E in serata sente Volodymyr Zelensky in una telefonata di una quarantina di minuti. La premier lascia invece ai suoi ministri, Raffale Fitto e Giancarlo Giorgetti, a difendere pubblicamente la bontà dell’azione del governo. In Parlamento infuria la polemica, non solo sul Pnrr ma anche sul nuovo decreto omnibus: il provvedimento contiene oltre agli aiuti contro il caro energia anche diverse misure per la sanità e un pacchetto fisco che proroga le sanatorie della pace fiscale e introduce anche delle “cause speciali di non punibilità” per chi ha dichiarato ma non pagato, a patto che si metta in regola con i versamenti. Un film già visto, attaccano le opposizioni salite sugli scudi a dicembre con la manovra proprio per sventare l’introduzione di quello che anche oggi definiscono “un condono” (il Pd), un “favore agli evasori” (i 5S), “una vergogna” (Avs).

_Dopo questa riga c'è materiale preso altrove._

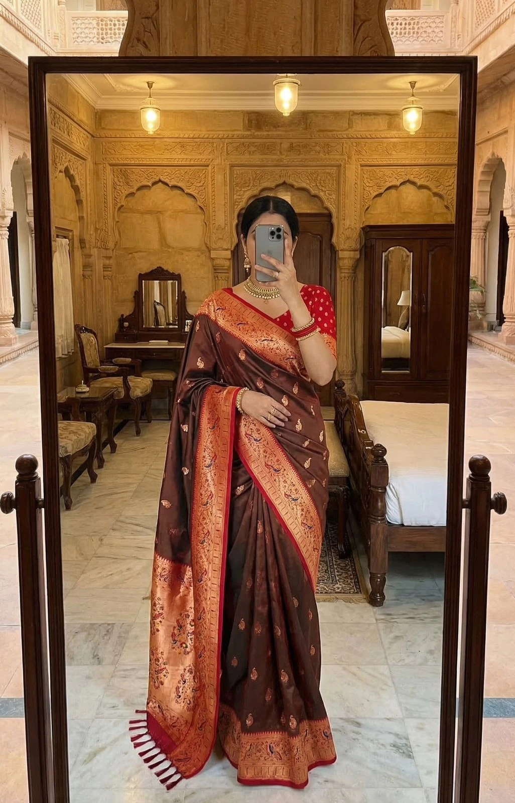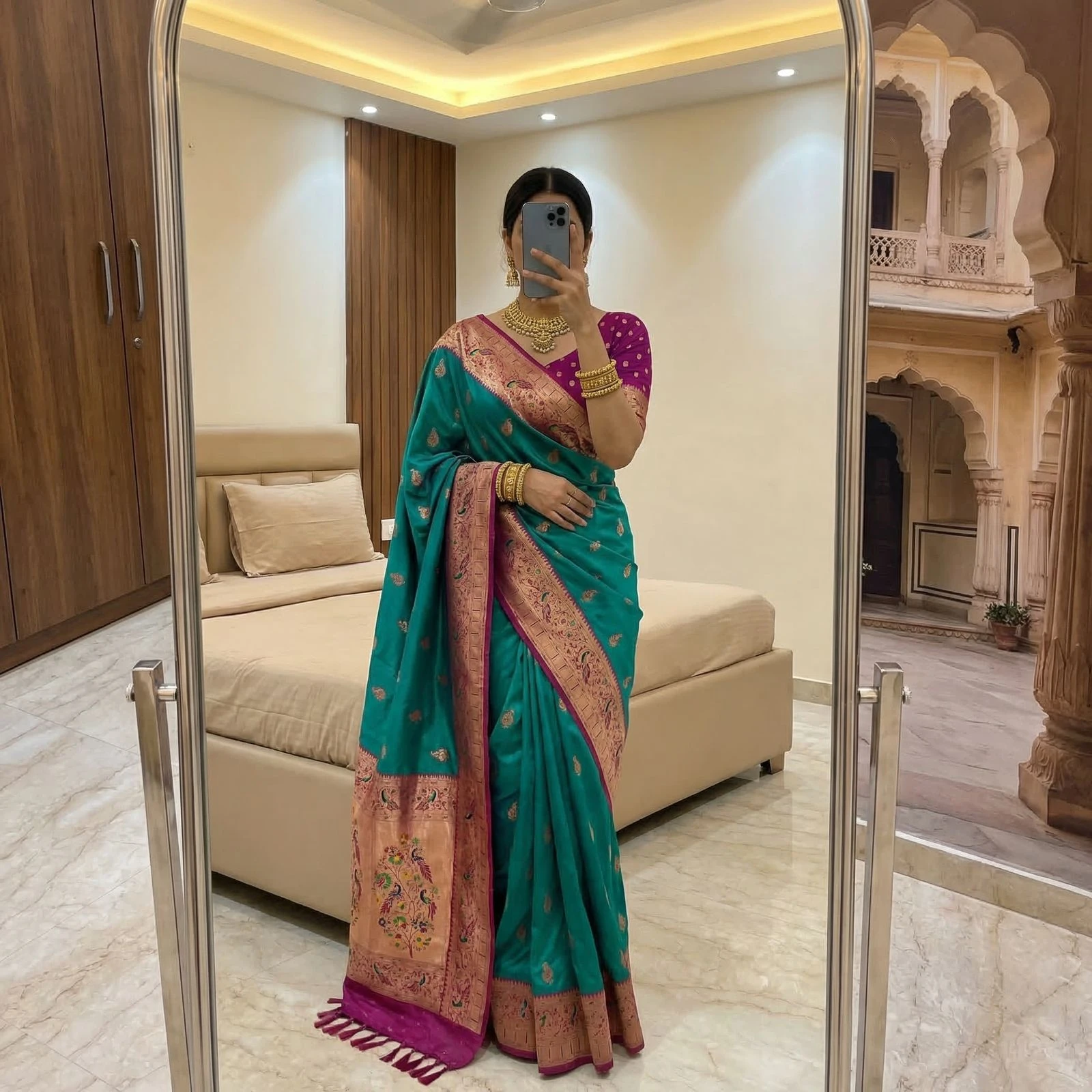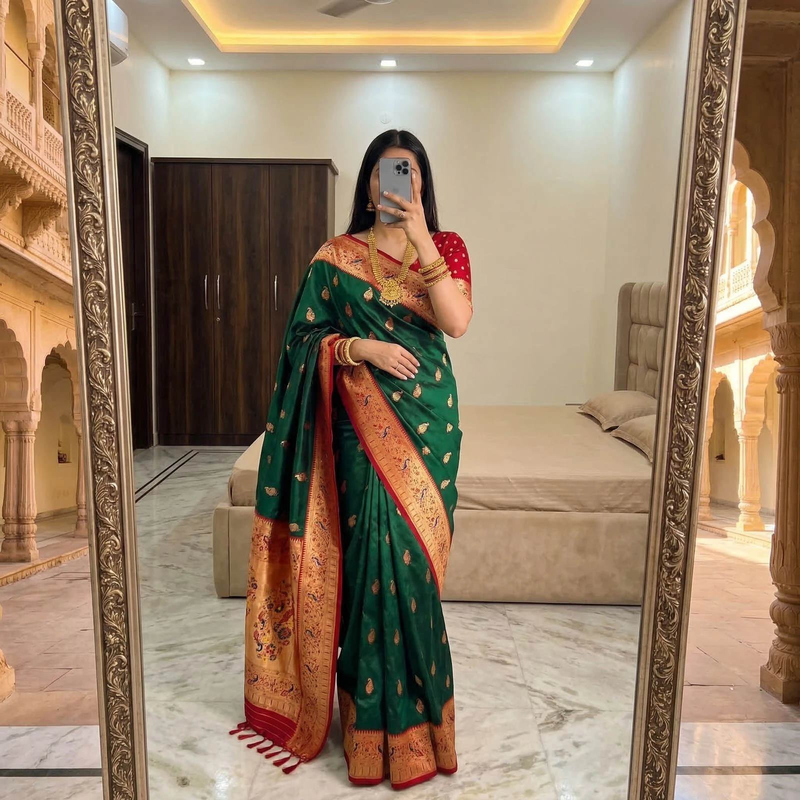 | Saree | Soft Paithani Silk with Banarasi Paithani Style with Rich Zari Weaving Work |

Per il governo non si tratta affatto, invece, di un condono: “Si tratta di evasione dichiarata”, di non far finire nel penale chi non ha potuto pagare ma poi ha saldato e si è rimesso in regola, difende la scelta il ministro dell’Economia Giancarlo Giorgetti, sottolineando peraltro che “le parti discutibili sono rimaste fuori”. Il governo interviene infatti – è la spiegazione perché la norma nelle bozze non c’era e il testo non è ancora arrivato in Gazzetta ufficiale – solamente sugli omessi versamenti Iva e ritenute e sull’indebita compensazione, lasciando fuori cioè quei reati su cui è chiaro il dolo, come l’infedele o l’omessa dichiarazione che tanto avevano fatto discutere prima di Natale. Peraltro, spiegano dall’esecutivo, non si introduce nemmeno una misura nuova ma si estende una norma esistente, allineando i casi di depenalizzazione al percorso della pace fiscale. Lo stesso intento dichiarato dall’esecutivo nella sessione di bilancio, quello di cambiare il rapporto con i contribuenti, tendendo la mano a chi “non ce la fa”, non a chi intenzionalmente vuole frodare il fisco.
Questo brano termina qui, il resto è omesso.